Hilda Hilst: A Poetisa Brasileira
Hilda Hilst (1930-2004) foi uma renomada escritora brasileira, reconhecida por sua contribuição como poetisa, cronista, dramaturga e ficcionista. Integrante da chamada “Geração de 45”, Hilst buscou a reabilitação de regras mais rígidas para a composição do verso, consolidando-se como uma das maiores escritoras do século XX.
Infância e Juventude
Hilda de Almeida Prado Hilst nasceu em Jaú, São Paulo, no dia 21 de abril de 1930. Filha de Apolônio de Almeida Prado Hilst, fazendeiro de café e jornalista, e de Bedecilda Vaz Cardoso, uma imigrante portuguesa, Hilda teve uma infância marcada pela separação dos pais em 1932, levando-a a se mudar com a mãe para Santos e, posteriormente, para São Paulo. Cursou o primário e o ginasial no internato do Colégio Santa Marcelina, e concluiu o secundário no Instituto Presbiteriano Mackenzie em 1947. Em 1948, ingressou na Faculdade de Direito da Universidade de São Paulo.
Carreira Literária
Hilda Hilst iniciou sua carreira literária com o livro de poesias “Presságio” (1950). No ano seguinte, lançou “Balada de Alzira” e, em 1952, concluiu seu curso de Direito. A partir de 1954, dedicou-se exclusivamente à literatura, publicando obras como “Balada do Festival” (1955) e “Ode Fragmentária” (1961).
Após a morte de seu pai em 1966, Hilda mudou-se para Campinas, onde estabeleceu a “Casa do Sol”, um espaço que se tornou um ponto de encontro para amigos e intelectuais.
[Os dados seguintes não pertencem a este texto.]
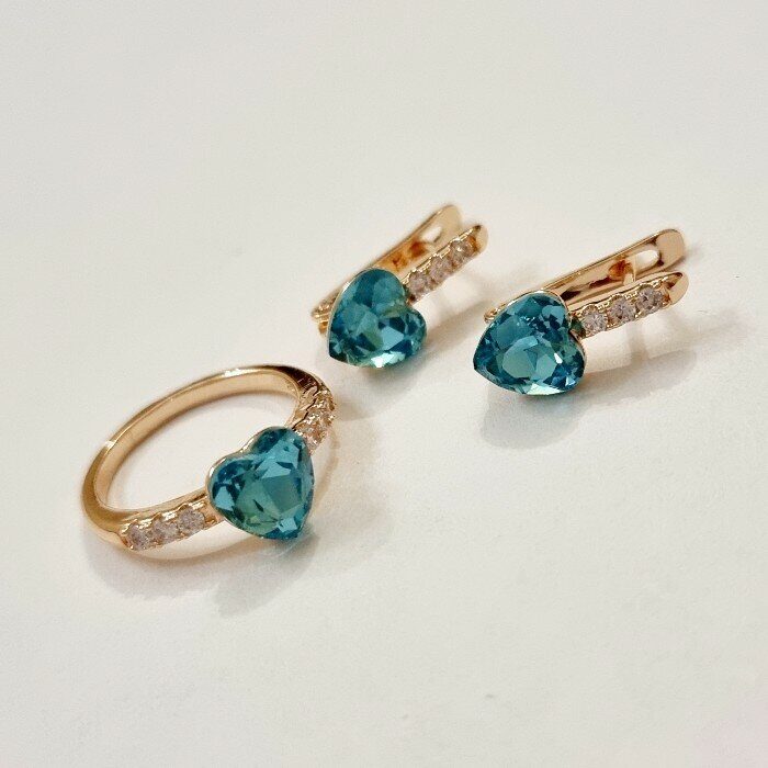 Комплект ювелирная бижутерия, серьги и кольцо позолота, камни голубые, р-р 17, 54209 арт.847.844
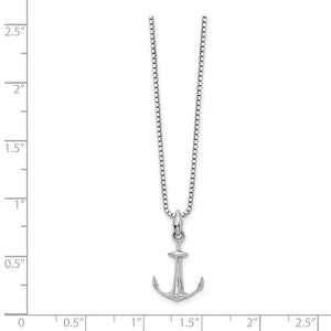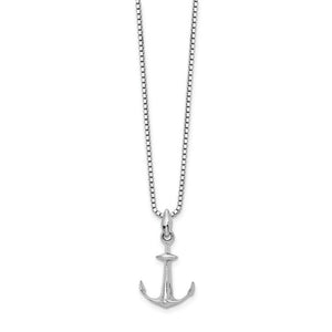 A timeless classic design featuring a diamond accented anchor pendant with an adjustable chain made from tarnish resistant, rhodium plated sterling silver. The polished pendant is approximately 11mm (7/16 inch) in width by 22mm (7/8 inch) in length, which includes the bail. It comes ready to wear on 1mm width, 18 inch long box chain finished with a spring ring clasp and 2-inch extension for flexibility. The natural .003 carat diamond is I2 in clarity and H-I in color.
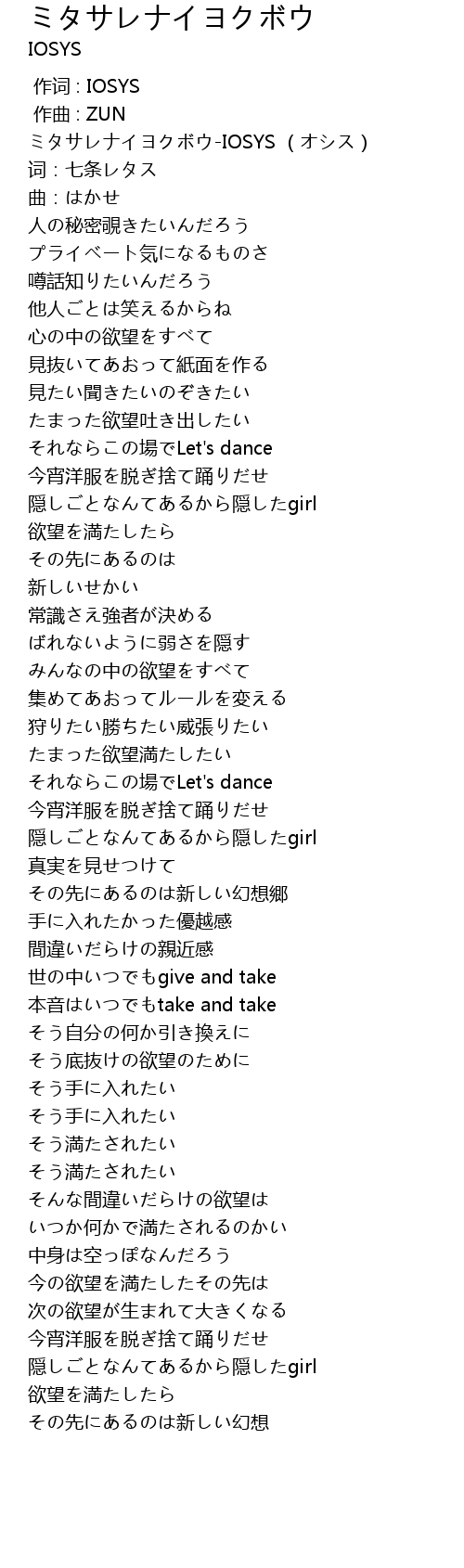 | [00:00.00] | ミタサレナイヨクボウ-IOSYS (オシス) |

Em 1968, casou-se com Dante Casarini e escreveu peças teatrais como “O Visitante” e “Novo Sistema”. Em 1970, lançou sua primeira obra de ficção, “Fluxo Floema”, e, em 1982, escreveu “Senhora D”, que seria adaptada para o teatro.
Hilda anunciou sua adesão à literatura pornográfica com “O Caderno Rosa de Lori Lamby” (1990) e publicou obras como “Bufólicas” (1992), que apresentavam poesias satíricas.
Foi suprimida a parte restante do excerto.